NPP- "Summit to Sea: Salish People, Land, Water" is a program designed to examine the waterways and land from Tacoba (Mt. Rainier) to the Pacific Ocean in relationship to Indigenous communities. By exploring the historical and current usages and issues, including Federal, state, and Tribal laws and policies, treaty rights, and tribal sovereignty, the natural environment will posit as an integral piece of Indigenous culture, not separate from the people who live on or from it.
We will focus on the Pacific Northwest and work from a place-based framework, studying the impacts of settler-colonialism and the Hudson Bay Trading Company on the land and its original peoples. By comparing archival and contemporary documents, oral stories, origin stories, and case studies, students will be exposed to a myriad of perspectives and ways of knowing.
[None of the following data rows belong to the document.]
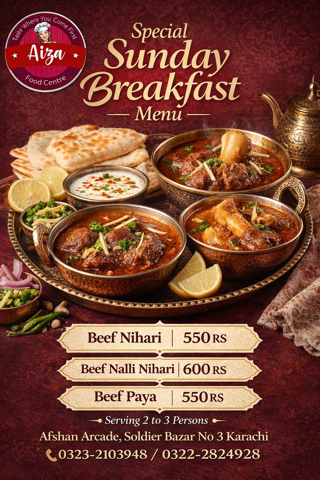 Aiza Food Center Every Sunday Special Breakfast Menu Beef Nehari Rs 550 Beef Nulli Nehari Rs 600 Beef Paya Rs 550 (2-3 Person Serving) Order above Rs 1500 get free Colddrink 300ml. Order first come first serve basis Join our WhatsApp community for regular updates For order contact Aiza Food Center 03232103948 03222924928
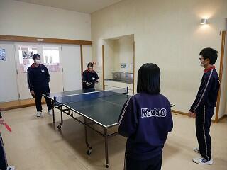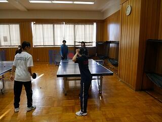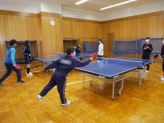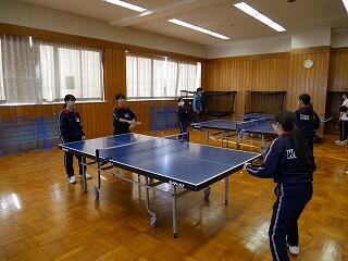 3年生の体育は卓球でみんな笑顔になっていました。自分のレベルに合わせてシングルスやダブルスを選び、先生も交えて、交互に対戦していました。中には卓球部同士の対戦もあり、高レベルの白熱している試合もありました。
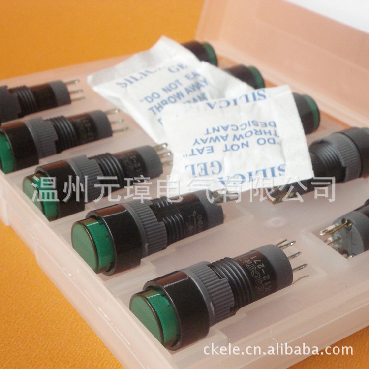 控制按钮K16系列·机种丰富,规格齐全,高性价比一体微型控制按钮;·带灯机种标准配置半导体LED灯,纯色高亮度,节能且寿命长,50000万小时以上。黄、绿、黄、蓝、白五种颜色;·内置限流电阻,无需外接,适用电压范围宽;·触点和端子镀24K金,带灯机种电源端子正极镀金,负极镀银,容易识别,确保配线正确;·可选1C(1NO+1NC)与2C(2NO+2NC)触点形式;·可选配附件和工具:灯珠、按钮更换工具,安装套筒,防护座,保护罩,端子罩,插座,电源变换器等……;·防护等级IP65,符合IEC/EN60529标准;·获得UL, c-UL, CE, CCC认证。
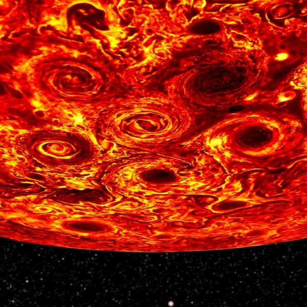 NASA - იუპიტერი: ცენტრალური ციკლონი პლანეტის ჩრდილო პოლუსზე.
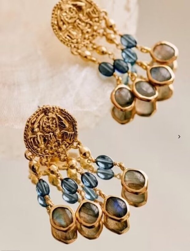 Šperk je vyroben z recyklované mosazi. Každá náušnice se skládá ze čtyř pramenů modrých drahokamů visících na jediném zlatém efektním nýtu ve stylu starověké mince.
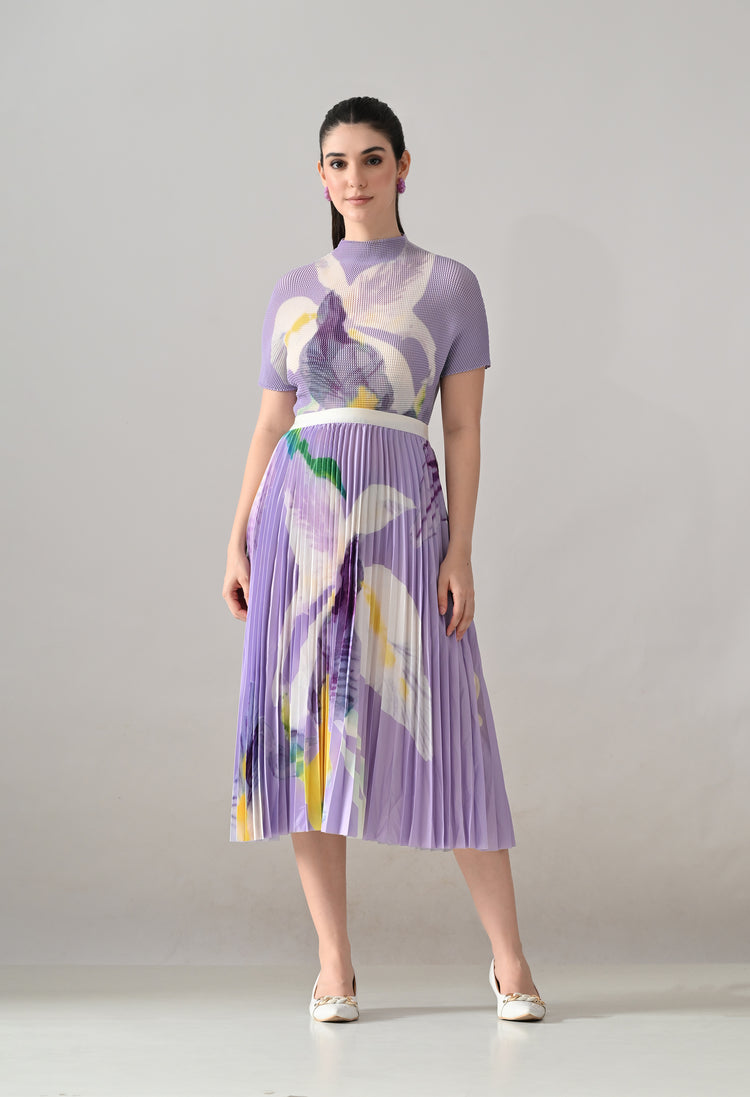 Chromatic Printed Pleated Two Piece Set
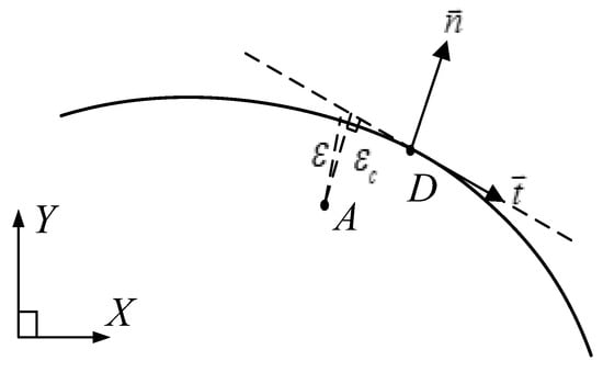 For common curves, it is difficult to obtain the geometric description of the desired trajectory, thus it is difficult to calculate the contour error of the common curves. However, the calculation of the contour error about a common curve can be simplified as the tangency distance between the actual point and the corresponding desired point, as shown in Figure 3.
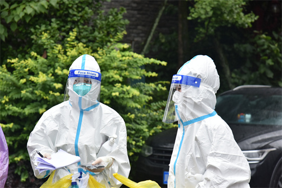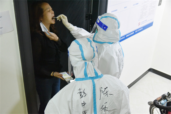 敲门、核对信息、扫健康码、咽拭子采样……简单的动作重复多次也会变得不简单,就是这样的工作,她们一天要重复上百次,采集几百个样本。因身穿防护服,这些“大白”们都不敢喝水,生怕会浪费掉一件医用防护服。一件裹得严实的防护服,她们有时候一穿就是六七个小时。
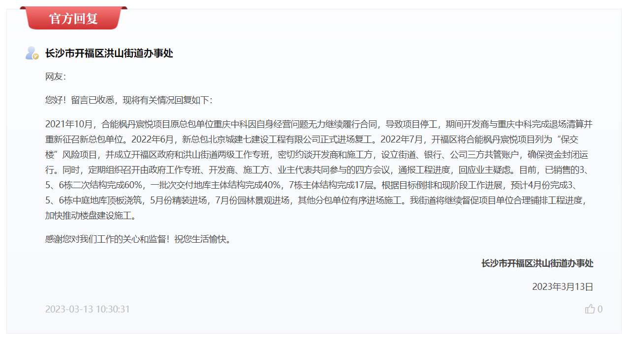 3月13日,长沙市开福区洪山街道办事处对业主投诉予以公开回复:2021年10月,合能枫丹宸悦项目原总包单位重庆中科因自身经营问题无力继续履行合同,导致项目停工,期间开发商与重庆中科完成退场清算并重新征召新总包单位。

Topics will include: Eco-Poetics, Environmental History, Community Systems, and Cultural Sovereignty. Students will work on a culminating project that demonstrates understanding of the history and contemporary use and value of a specific geographical area and present findings in a visual essay to their peers.
This program will include weekly journaling, with photo/images, reading reflections and synthesis, and eco-poetic projects. NPP is offered in hybrid, remote, and in person "sites" on Tuesday and Thursday evenings 6-9:30pm and all "sites" come together for three "House of Welcome" Longhouse Intensives in the spring. This program will include field trips throughout the quarter.
16-credit students will complete capstone/senior project work in addition to the 12-credit core listed above.